Presenter: Ralf Klinkenberg (RapidMiner)

Ralf KlinkenbergRalf Klinkenberg, founder and head of research at RapidMiner, is a data-driven entrepreneur with more than 30 years of experience in machine learning and advanced data analytics research, software development, consulting, and applications in the automotive, aviation, chemical, finance, healthcare, insurance, internet, manufacturing, pharmaceutical, retail, software, and telecom industries. He holds Master of Science degrees in computer science with focus on artificial intelligence, machine learning, and predictive analytics from Technical University of Dortmund, Germany, and Missouri University of Science and Technology (MST), Rolla, MO, USA. In 2001 he initiated the open source data mining software project RapidMiner and in 2007 he founded the predictive analytics software company RapidMiner with Dr. Ingo Mierswa. In 2008 he won the European Open Source Business Award and 2016 he was awarded the European Data Innovator Award. In 2017 the German government invited him to the steering committee of the “Plattform Lernende Systeme”, an initiative of the German government to promote the use of machine learning and artificial intelligence in industry and society, which he serves since then. In 2018 and 2020 he consulted the German government in the formulation of its artificial intelligence strategy.
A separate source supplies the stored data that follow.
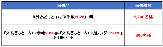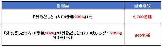 対象期間中にエントリーのうえ所定のクイズに正解され、かつ『外貨ネクストネオ』にて1回以上の新規取引をされた方の中から抽選で合計3,000名様に、『外為どっとコムFX手帳2026』1冊、または同手帳&『外為どっとコムFXカレンダー2026』各1冊セットを進呈いたします。さらに、同期間中に『CFDネクスト』にて1回以上の新規取引をされると当選確率が3倍になります!!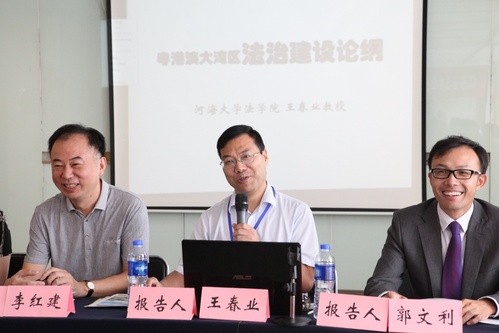 王春业教授以《粤港澳大湾区法治建设》为主题进行报告,王教授具体分析了大湾区的形成历程和具体现状,并指出了大湾区法治建设目前正面临的两种社会制度、三个法域、不同行政级别、不同立法权限、法治建设水平差异大等五点困境与挑战。对此,王教授富有针对性地提出了四点法治建设必须把握的关键问题:以政府推进为主进行大湾区法治建设;以香港和澳门国际化标准作为大湾区法治建设的标准;创新大湾区法律规范的供给方式;以国家对广东多元化立法授权作为大湾区法律建设突破口。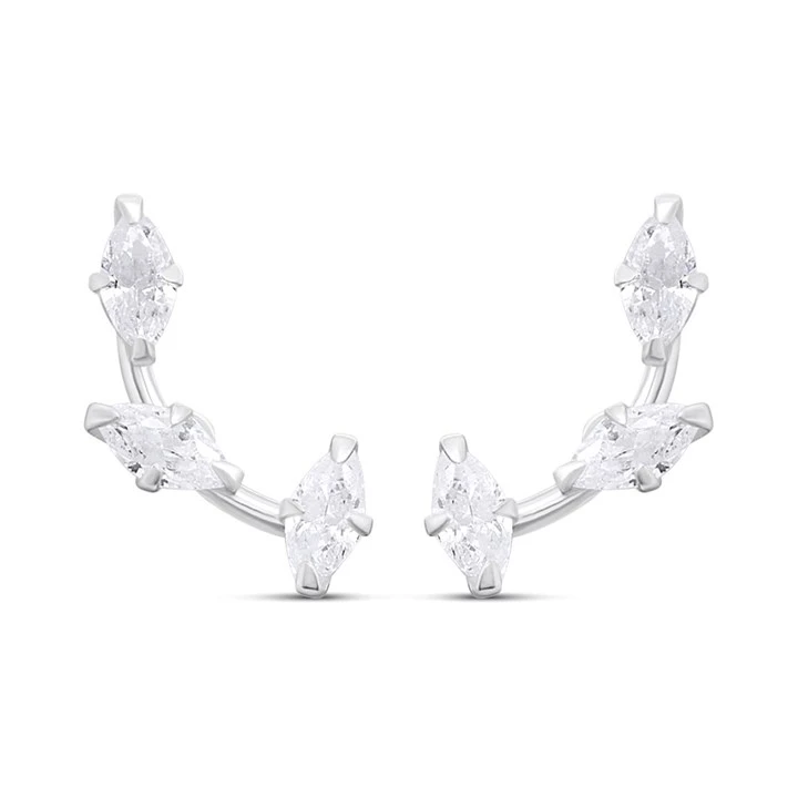 Silver CZ Marquise Stud Climber Earrings - F04216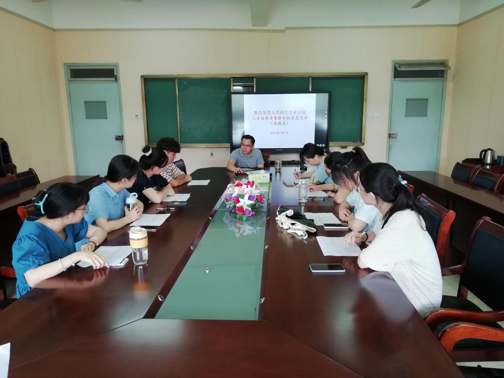 本网讯(文/邓丽 图/吕可)为持续改进教育学专业建设,进一步推进大类招生背景下教育学专业人才培养方案的修订,2021年7月7日上午10点,安徽师范大学教育学专业在教科院408会议室召开在校生的座谈会。参加此次会议的人员有教育学专业负责人徐赟,教育学专业在校本科生代表李雅馨、周洁、袁慧、张洁、吕可、俞晓雨、王晨曦、邓丽、黄跃程。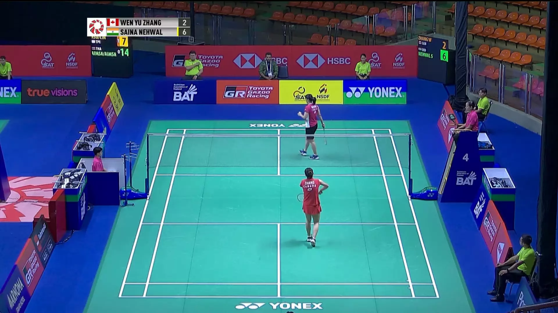 Back on court after months, Saina Nehwal as started well and she is leading 6-2.

Ralf Klinkenberg is co-organizer of the Industrial Data Science (IDS) conference series. He is passionate about learning in humans and machines as well as about how to leverage data to make organization more data-driven, more agile, more efficient and effective, and more successful using data mining and machine learning, both from a business and a technical perspective. Today RapidMiner has 770,000+ registered users in 150+ countries world-wide and is one of the most widely used predictive analytics platforms world-wide. The analysts of Forrester and Gartner view RapidMiner as one of the world-leading software platforms for machine learning and data science.